PAST
"I kind of hate that you wanted to go camping for your birthday. How are we best friends again?" Eliza asked.
Lydia laughed as she pushed the stake into the semi-frozen ground.
"It's freezing out here, Lydia," Eliza continued.
"It won't be inside the tent."
"But we're outside the tent."
"Because you're not helping me with the tent. You've been standing there the whole time, just watching me put this thing up."
"I don't know what I'm doing. I'd probably just break it, and then we'd be out in the middle of nowhere with no tent."
Lydia stood up and crossed her arms over her chest.
"What?" Eliza asked.
"We're in a state park and on a campsite.

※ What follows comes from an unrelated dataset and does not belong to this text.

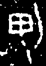 这个字是“男”。(左为拓片,中为摹写,右为图示)。左为“田”,右为“力”。“力”表示的是一种古代农具“耒”的形状。在田里劳动是古代男子的主要职责,因此,用“男”来表示男人。今本《说文》:“男,丈夫也,从田力,言丈夫致力于田也”。最初,“男”的写法为左田右力,后来演变为上田下力。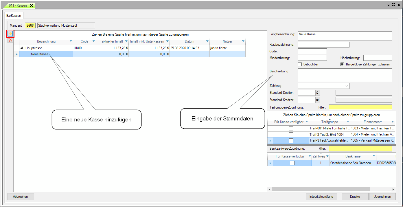 Mittels dieses Menüpunktes können Barkassen angelegt und die Stammdaten administriert werden. In der Systemverwaltung wird über das Recht "Barksse" der Zugriff von Mitarbeitern auf die Barkassen festgelegt.

There's an actual bathroom with toilets about twenty feet away. The road is ten feet behind us, and my car is parked just off it. The drive from the entrance of the park to here took us about seven minutes, and there are three other campsites right next to us. I think we'd be okay. Now, can you get the sleeping pad laid out in there and put the sleeping bags on top of it while I get the rest of the stuff from the car?"
"Fine. I'm being dramatic."
"No, you're not. I know you're doing this for me. And I also know that this is the first time you've been camping since…" Lydia faded out.
Eliza looked down and said, "It's not the same. I mean, I don't think of this as the same, if that's what you're worried about."
"I didn't want to ask you because of it. I thought it might bring back some bad memories," she offered.
"The memories are always there, right at the surface, no matter what I'm doing. And they're still blurry and foggy, and I wish I'd just been able to–"
"Hey, it's okay. We don't have to talk about it. Do you want to just get settled in for the night? We can talk about the hike to the falls that I want to take tomorrow."
"Yeah, sure," Eliza replied .
Lydia had been her best friend since high school. Eliza had been the new girl after her mother had moved them to another town. As a freshman entering school mid-year, it had been hard for Eliza to make new friends, but Lydia had been in her fifth-period science class, and one day, she'd just passed Eliza a note. They'd been friends ever since. No one had been privy to what had happened to bring Eliza to the new school. She'd told people that her mom had gotten a new job and they'd had to move, but that wasn't the truth. Lydia had been the only one to get that truth, and that had been during the summer after their freshman year.
During the fall of their sophomore year, Lydia had come out to Eliza and told her that she liked her as more than a friend, but Eliza, for her part, hadn't ever given her sexuality much thought back then. She'd had more on her mind than boys, girls, or dating. She'd tried to tell Lydia that it was okay that she liked her that way but that she wasn't sure she saw anyone like that. And it had been the truth, at first. Her life had been irrevocably changed the summer before her freshman year of high school. Right when she was supposed to be figuring out who she was, getting a part-time job, joining clubs, making friends, and maybe finding someone she liked, she'd lost someone important to her in a way that made thinking about any of those things difficult.
The move had only made it harder, even though her mother's goal had been to make things easier on them both. The therapy sessions were also supposed to help. Her mother had hers. Eliza had her own. Once or twice, they'd also gone together. For Eliza, though, therapy had felt a little too much like when the cops had asked her questions that night, so while the doctor had been nice enough and tried to help by asking her questions, the whole experience felt too similar, and Eliza hadn't been able to get much out of therapy. She'd stopped it around the time she'd also gone off the meds the doctor had prescribed her. She hadn't been depressed. She'd been a normal, fully functional fifteen-year-old when it had happened. Then, she'd been grieving. She'd been through a trauma. She'd just needed a doctor to be patient with her instead of asking her a ton of questions and prescribing her medication, which only made her feel numb.
It was during her junior year that she'd finally gotten off the anti-depressants the right way and felt a little more like herself again. Eliza noticed it then, how she felt about Lydia, but it had been too late: Lydia had found a girlfriend. That girlfriend and Lydia had both played soccer, and they'd started dating during their summer practices. Eliza had been the supportive best friend and even the third wheel most of the time until they broke up around Thanksgiving. Eliza had helped her get through the breakup, and for Christmas, she'd gotten Lydia a necklace with a heart-shaped pendant. It had been meant to represent their friendship, but when she'd watched Lydia open the box, Eliza had rambled out her feelings.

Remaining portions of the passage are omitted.